MySQL NOT IN() Range List failures

EricMartello

Senior member
Apr 17, 2003
910
0
0
Does anyone know of a way to exclude rows from a query if they are already in the table? I am using something like this:

SELECT rowID FROM table1 WHERE rowID NOT IN(SELECT row2ID FROM table2)

The amount of IDs returned in the subselect are in the millions, and as far as I can see using IN() or NOT IN() is definitely a recipe for failure.

Apparently, it has been around for a while:
http://bugs.mysql.com/bug.php?id=15872

The thing is, I need to exclude the rows before adding new ones do the DB so is there a way to do it in a single query?
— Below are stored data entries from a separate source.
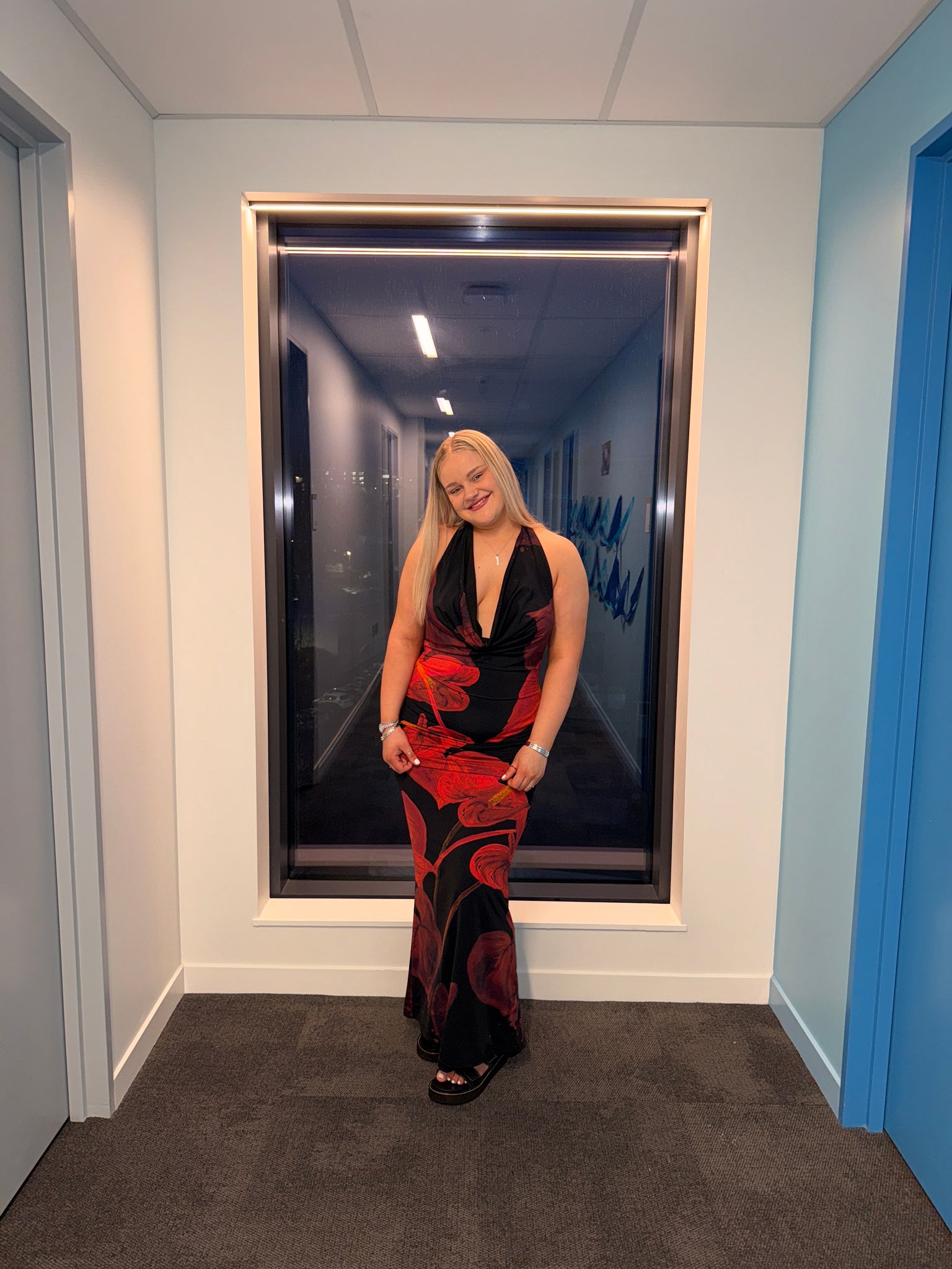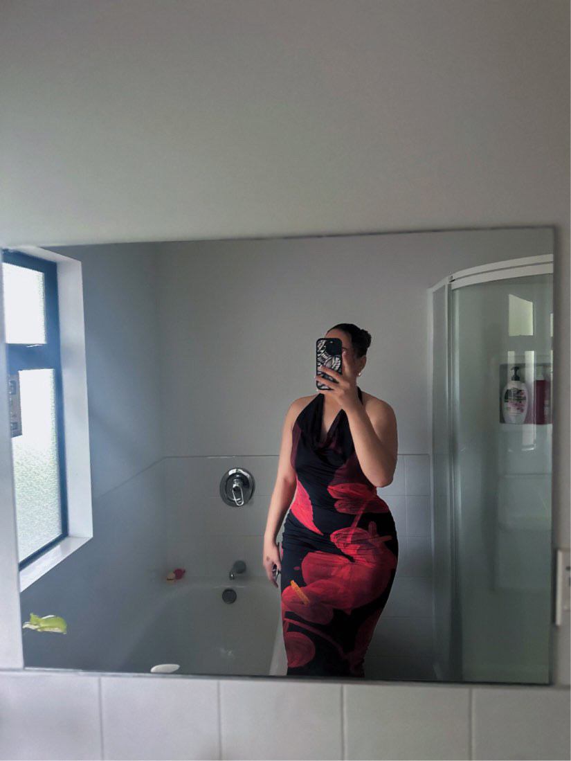 Elegant gown with halter neck and low back. Maxi length. Perfect for anything summer or formal.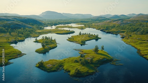 Aerial view of serene lake, islands, and mountains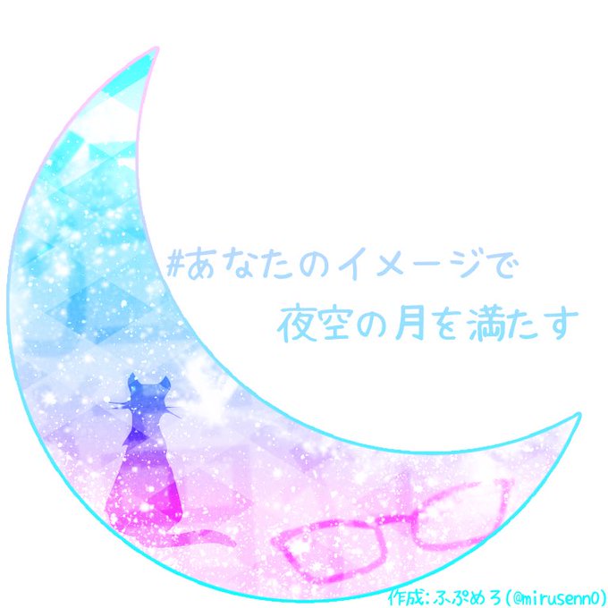 #あなたのイメージで夜空の月を満たす 穹咲さんイメージで描きました〜! カラーは水色〜ピンク、 モチーフは猫・チェック・メガネですが少し寂しかったのでうっすら狂猫という文字を入れさせていただいてます

Alternately, is there a way to INSERT records while having insert ignore IDs that are already there WITHOUT throwing an error? I dunno...I gotta think of something and it needs to work quickly.

My second choice would be to remove the NOT IN subselect, and do the subselect first as a standalone query. At that point I would put the IDs returned into an array and just that array to exclude the new entries based on their IDs already being in the array. The drawback here is that I would need to loop through every row one-by-one to test if they are already in the array. Not an optimal solution...any ideas are welcome. :)
 

KLin

Lifer
Feb 29, 2000
30,213
562
126
Is the row2id a primary key or foreign key in table2?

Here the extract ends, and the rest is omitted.